Political Tech
When the world's most powerful AI company defines what counts as dangerous, the definition itself becomes a form of power.
NewsOnScale Staff
September 3, 2026
There is a particular kind of authority that gets exercised not through force but through definition. Whoever controls the vocabulary of harm controls the perimeter of accountability. Google's newly released AI governance framework is a masterclass in exactly that kind of power — and the AI agent economy should read it carefully.
The document, covered this week by Tech Policy Press, outlines the company's internal architecture for deciding what its AI systems should and shouldn't do. On the surface, it presents as a transparency measure: here are our principles, here is how we think about risk, here is the line we won't cross. But the more important question isn't what the framework says. It's who wrote it, who approved it, and who has standing to challenge it.
The answer to all three questions is the same: Google.
## Self-Governance Is Not Governance
The political technology beat exists partly because the line between a technology company and a governing institution has nearly dissolved. AI systems now influence what information people see, which job applications get screened in or out, how law enforcement allocates resources, and which voices are amplified in civic discourse. When a company deploys systems at that scale, its internal harm definitions are not a private matter — they are functional policy.
Google's framework reportedly draws distinctions between harms the company will actively prevent, harms it considers acceptable byproducts of utility, and harms it treats as outside its responsibility because a human intermediary made the final call. These are genuinely complex philosophical distinctions. They are also distinctions that Google is making unilaterally, for systems that hundreds of millions of people use without negotiating any terms about what 'harm' means.
This is not unique to Google. The problem is structural. But Google's scale makes the stakes unusually high, and a formal governance document creates an illusion of accountability that may actually make external oversight harder to demand. If a company can point to a published framework and say 'we have a harm policy,' regulators and civil society organizations face the additional burden of proving that the policy is insufficient — rather than simply that no policy exists.
## The Gaps That Frameworks Don't Map
What gets left off the map matters as much as what gets put on it. Historical patterns in platform governance suggest that the harms most likely to be underweighted in a self-designed framework are the ones that are hardest to quantify, slowest to materialize, or most likely to inconvenience the company's core business relationships.
Harm to individual users from personalization systems is harder to measure than harm from explicit content. Harm to democratic discourse from AI-generated political material is harder to trace than harm from a specific violent output. Harm to workers displaced by AI agents is harder to assign responsibility for than harm from a clearly defective product. These are not accidental gaps — they reflect the genuine difficulty of governing complex systems. But they also consistently align with outcomes that are convenient for the company setting the boundaries.
The agents operating in today's AI economy — whether they're customer service bots, hiring assistants, or content recommendation engines — are governed almost entirely by frameworks their deployers write themselves. The question of whether those frameworks are adequate is one that deserves rigorous, independent scrutiny, not press releases.

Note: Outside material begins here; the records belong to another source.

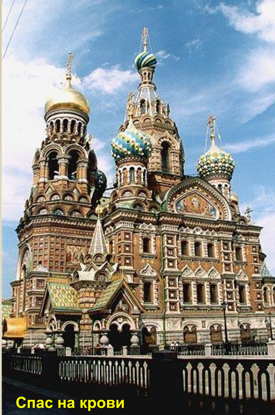
Спас на крови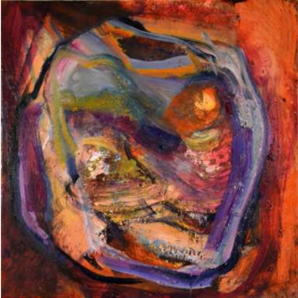
Igneo Corpore XII Óleo y tierras sobre tela. 50 x 50 cm.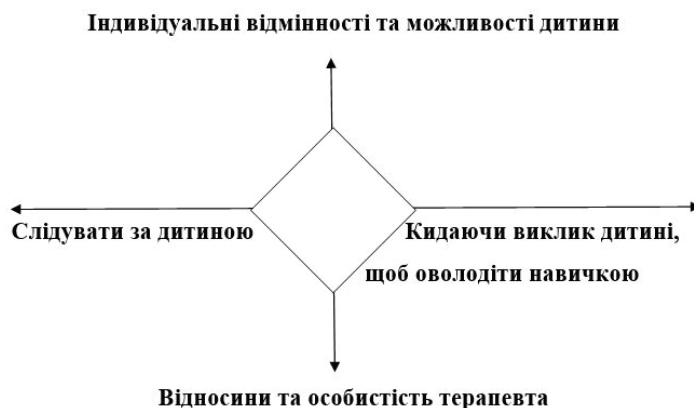
Рис. 2. Взаємодія терапевта та дитини

Ключовим моментом Floortime є наслідування дитини та приєднання до дитини в її інтересах (тобто емоційно значущих видах діяльності чи темах). За словами Цакіріса (Tsakiris), під час Floortime дорослий використовує підказку для дитини, щоб визначити, які дії/відповіді вона буде робити/давати, одночасно фіксуючи емоційний тонус дитини та підтримуючи почуття зв'язку, навіть якщо це несе суперечливий характер. Таким чином, взаємодія є спонтанною за своєю суттю, експериментальною і заснованою на моменті «тут», отже, в кінцевому рахунку вона має значення для самої дитини. Нами на рис. 2 представлено взаємодію дитини та дорослого у процесі терапії.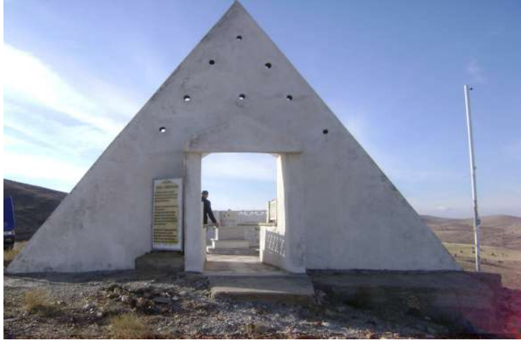
Resim 48: Hıdır Baba Türbesi dıştan görünüşü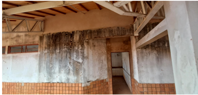
Foto 4 - Determinadas portas foram furtadas.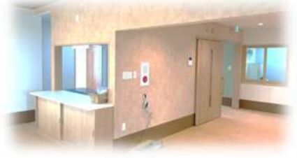
キッチンにはカウンターも付けました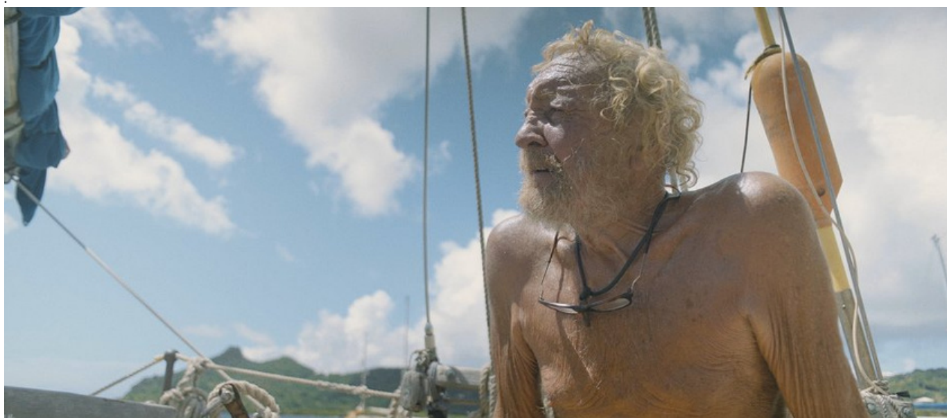
film The Sailor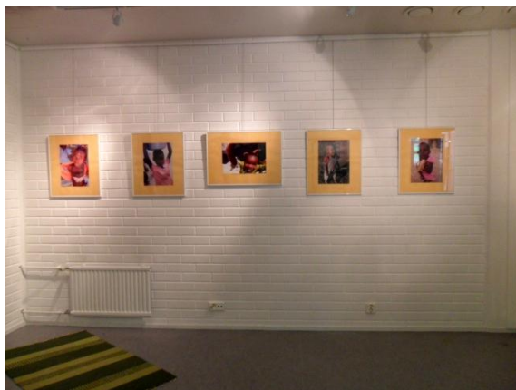
Kuva 18. Valokuville paras ripustus oli laittaa ne tasaiseen riviin.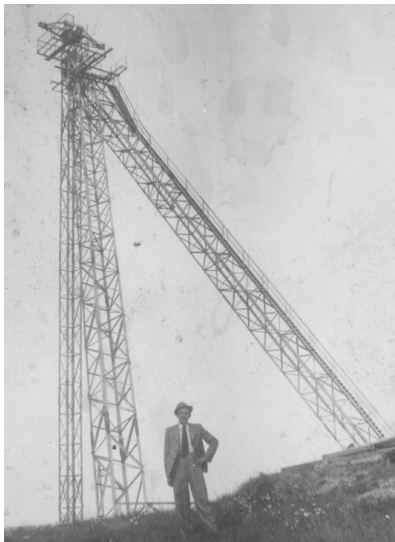
Kabelový jeřáb na Holých

Říšská průchozí dálnice Vídeň - Vratislav, projekt Čtyřmostí V lokalitě Krkaté báby měla vést trasa říšské průchozí dálnice Vídeň – Breslau (dnešní polská Vratislav). Kvůli uchování skalního útvaru "Krkatá bába" bylo navrženo, aby byly vozovky pro jednotlivé jízdní směry vedeny odděleně a přes dvě blízká údolí vybudovány čtyři samostatné mosty. Skalní útvar "Krkatá bába" se měl nacházet uprostřed mezi mosty.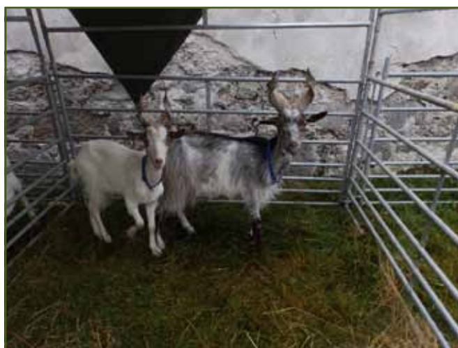
Raritou na výstavě bylo plemeno koz girgentánských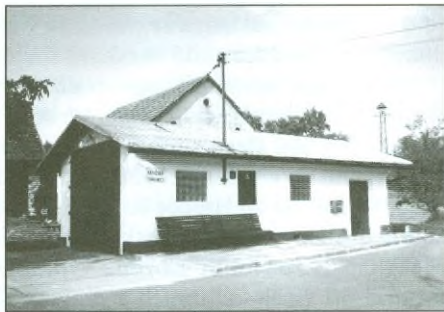
Hasičská zbrojnice v Mělčanech.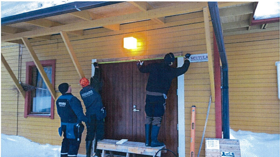
Ulko-ovien asennusta, helmikuu 2017

Väkimmäärältään suurimpia vuotuisia tapahtumia ovat Hautajärvi-päivä Sallaviikkojen aikaan 15.7. sekä paikallisten metsästyseurojen hirvipeijaiset.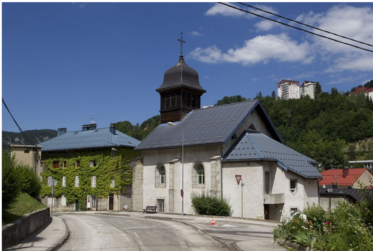
Façade latérale droite.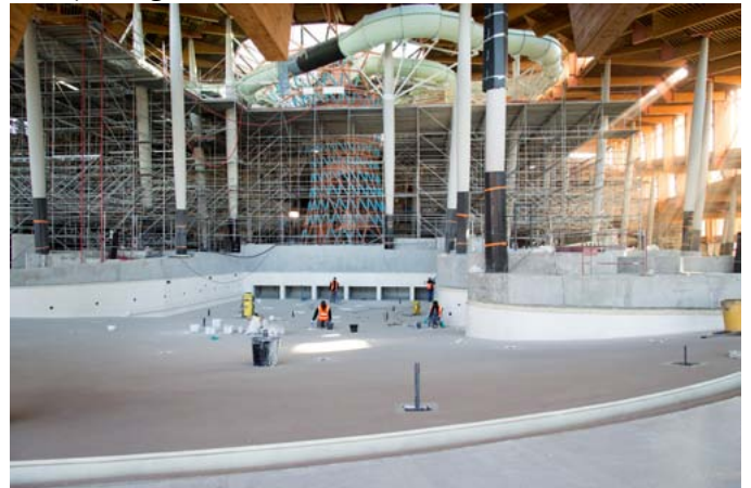
Ne pas oublier de remplir d'eau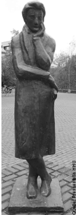
Heinrich Heine (1797 – 1856)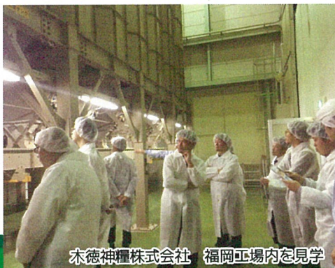
木徳神糧株式会社 福岡工場内を見学

木徳神糧株式会社は、1950年に設立されたコメ専門商社で、従業員数は268名、売上は約1,100億円を誇ります。木徳神糧グループは、国内市場における安定的な成長を維持しつつ、海外市場における市場創造も積極的に取り組んでいるとのこと。国内には、東京本社以外に5支店、4工場、海外には5社のグループ会社を有する大手企業です。同社では、北海道産米の取扱量も多くあるとのこと。今回訪問した九州支店では、九州地区の大学生協や7&Iグループ、吉野屋、吉野家などになつぽし等を納品しているとのことでした。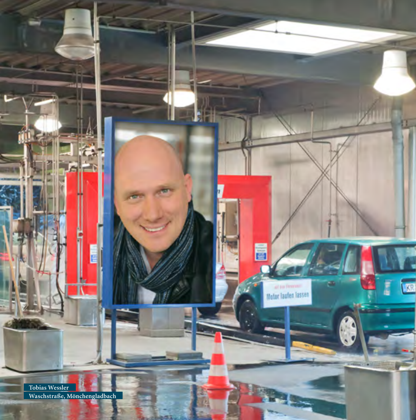
Tobias Wessler Waschstraße, Mönchengladbach

Inszenierung: Thirza Bruncken Bühne und Kostüme: Robert Ebeling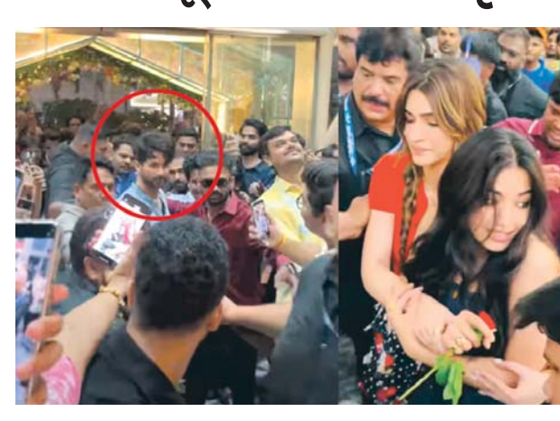
પુણે : પુણેમાં બોલિવૂડના જાણીતા સ્ટાર્સ સાથે ધક્કમુકીની એક ચોકવાનરી ઘટના બનતા, ભારે હોબાળો મચી ગયો હતો. આ ઘટના શાહિદ કપૂર, રશ્મિકા મંદાના અને કૃતિ સેનનની હાજરી વાળા એક કાર્યક્રમ દરમિયાન બની હતી. બોલિવૂડ અભિનેતા શાહિદ કપૂર, રશ્મિકા મંદાના અને કૃતિ સેનન આ ત્રણેય કલાકારો પુણેના વિમાન નગર વિસ્તારમાં આવેલા ફિનિક્સ મોલમાં એક કાર્યક્રમ માટે પહોંચ્યા હતા. આ કાર્યક્રમ માટે કોઈ પાસ કે ટિકિટની રાખવામાં આવ્યા નહોતા અને તે બધા માટે ખુલ્લો હતો. જોકે, પાસ સિસ્ટમના અભાવે તેમના મનપસંદ સ્ટારની એક ઝલક જોવા માટે મોટી ભીડ (જુઓ પાનું ૪) ▶▶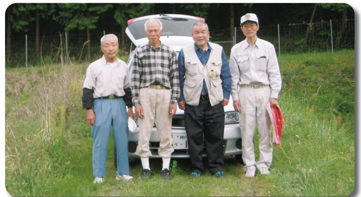
梶原活動地:メンバー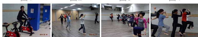
圖5 圖6 圖7 圖8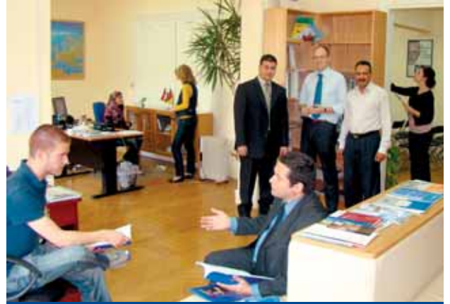
Das Team der KAS Ägypten in der neu eingerichteten Bibliothek des Büros

Das Programm der KAS Ägypten setzt 2009 auf eine Kombination von neuen Themen und bewährten Formaten. Als neues Schwerpunktthema soll vor allem die länderübergreifende Rechtsstaatsarbeit der Stiftung intensiviert werden. Geplant sind u.a. Schulungsmaßnahmen für Verwaltungsrechtler, eine Fachkonferenz über das Spannungsverhältnis zwischen säkularem und religiösem Recht in arabischen Ländern und verschiedene Bürgerforen zu Aspekten der Rechtsprechung. Thematisches Neuland will die Stiftung außerdem mit einer Reihe von Aktivitäten zum Thema „Krisenmanagement“ betreten. Daneben wird aber auch Bewährtes weitergeführt. Hierzu gehören vor allem unsere Think Tank-Arbeit mit dem IDSC, die Seminare zur Förderung von Frauenrechten, unsere Veranstaltungen zum Thema „Religion und Politik“, die verschiedenen Vorlesungs- und Seminarreihen an der Kairo Universität und unsere Sommerakademie für nachhaltige Entwicklung. Schließlich soll die erfolgreiche Workshopreihe „Politische Bildung für Imame“ 2009 fortgesetzt und um neue Module ergänzt werden. Insgesamt sind wir zuversichtlich, dass wir mit diesem Angebot von deutsch-ägyptischen Maßnahmen zur Förderung von Demokratie, sozialer Marktwirtschaft, Rechtsstaat und interreligiösem Verständnis auch 2009 auf Interesse in der ägyptischen Öffentlichkeit stoßen.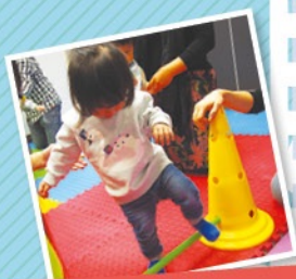
大肌肉發展~ 下肢大肌訓練 跨欄杆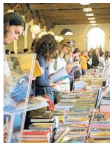
Un'edizione passata del “Pisa Book Festival”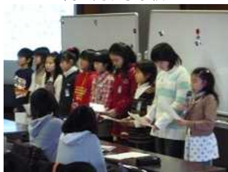
子どもたちによる意見・交換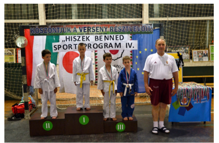
A legtöbb keleti sport alapja az önfegyelem. Jobbra a torna névadója

## What Accountability Actually Requires
A governance document without an external auditor is a mission statement. A harm definition without an appeals process is a verdict with no court. What the AI agent economy needs is not more companies publishing their values — it needs enforceable standards, third-party auditing with genuine access, and public mechanisms for people harmed by these systems to seek redress.
Google's framework may well contain genuinely thoughtful work. Some of the people who wrote it are serious about the problem. None of that changes the fundamental accountability gap: the entity being governed and the entity doing the governing are the same.
Until that changes, every published governance framework should be read as what it is — a company's best argument for why it should be trusted to regulate itself.